Transforming Your Business Vision
One of the most difficult tasks as a business owner is establishing and maintaining a company vision. Having this vision is essential because you can use it as a compass for each decision made along the way. When we were just starting out at firstPRO, our mission was to be all things to all people, but we quickly learned that this is an impossible task and a formula that will never result in a profitable business.
Step one is to make a list of how you would like your clients, employees and even your competition to describe you. Then add the issues that are important to you as the leader. Determine where you want the company to be five years down the road, and backtrack what needs to be in place to get there. Use all of this information to not only form a concise mission statement, but also to create several paragraphs or more describing your goals and identity in more detail. The lengthier version will be used by upper management as a compass to keep you on track.

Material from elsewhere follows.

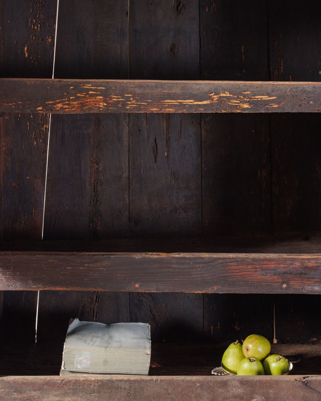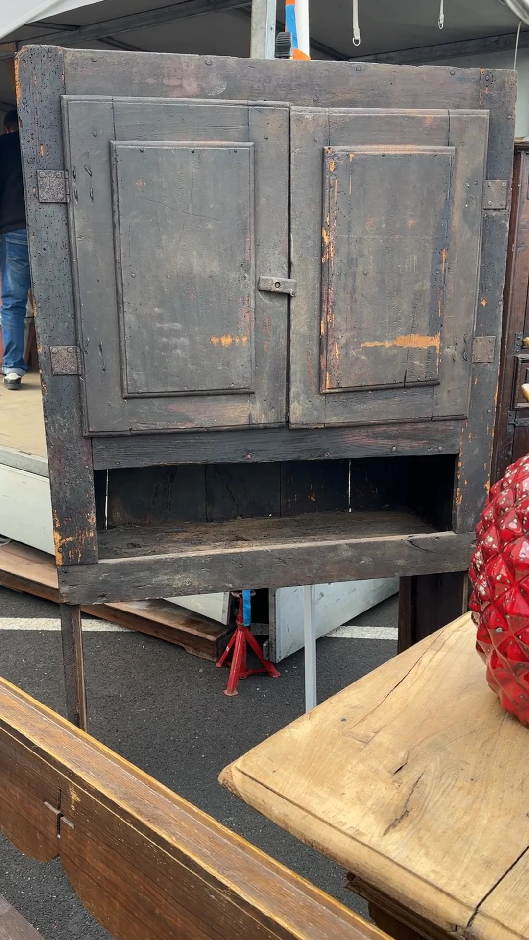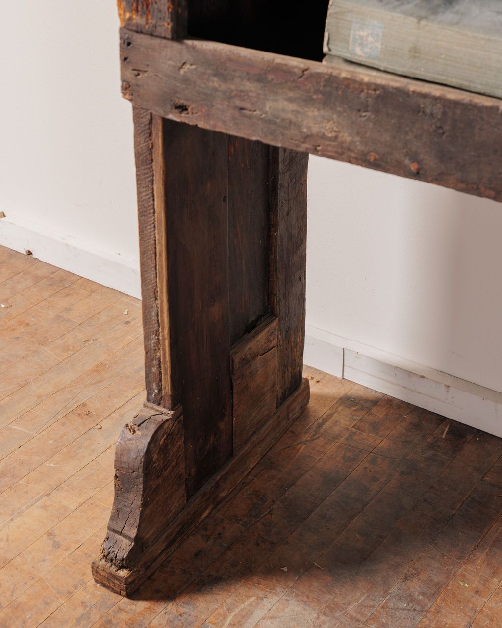 This breathtaking 19th century Portuguese cupboard is crafted from thick, hand joined wood with a deep, almost blackened patina that reveals flashes of warm undertones at the edges and corners. Two upper cabinet doors with simple iron hardware sit above an open shelf, all supported by tall, sturdy legs that give the piece an architectural presence. Originally used for practical storage by the hearth, it would have held pantry goods or household essentials within easy reach. Today it works beautifully as a statement piece in a kitchen or dining room, where its raw finish brings depth and character to the room.

I have found that it is necessary in my own business to evaluate our game plan, mission and overall image about once every five years to ensure we are keeping up with the changes in technology, business and philosophies. When I began in the employment business over 25 years ago, we used terms like “headhunters” and “temporary workers.” Over the years, terminology has changed and we have adopted words like “staffing,” “workforce management” and “talent acquisition” to describe what we do, requiring continual revamping of our marketing materials.
As firstPRO has grown, we have had the luxury of redefining the skill levels and type of business we are after, allowing us to upgrade the disciplines we service and the coinciding profit margins.
You may find that it is necessary to change a few things to keep looking fresh in the current market, but rarely will you change the basic bones of your business ideals. If you begin committed to customer satisfaction, strong integrity and creating opportunities for young employees, it is likely that those things will remain important. Changing the true culture of the company can be difficult, and more often than not, will result in high turnover of your client base and staff.
The best time to evaluate your company is when you experience a lack of growth or downturn in business. Go back to the basics, determine where you have gone off track and brainstorm what needs to be changed and how.
Most importantly, you need to pay attention to overall business trends and the market fluctuation in your specific industry. Subscribe to respected trade publications and attend industry associations. Pay attention to your competition and what the leaders in your industry are doing. Communicate with your staff and client base, and ask questions about problems they are up against or things they were like to see. Timely information is invaluable and should always be included as part of your evaluation process.
I am not sure exactly what our company will look like in ten years. Technological advances have certainly changed the way in which we have operated our business in the past, but the emphasis that we have put on professionalism, creating win/win situations and our entrepreneurial environment has remained the same and will continue. Most importantly, we are open and receptive to the idea that change needs to happen.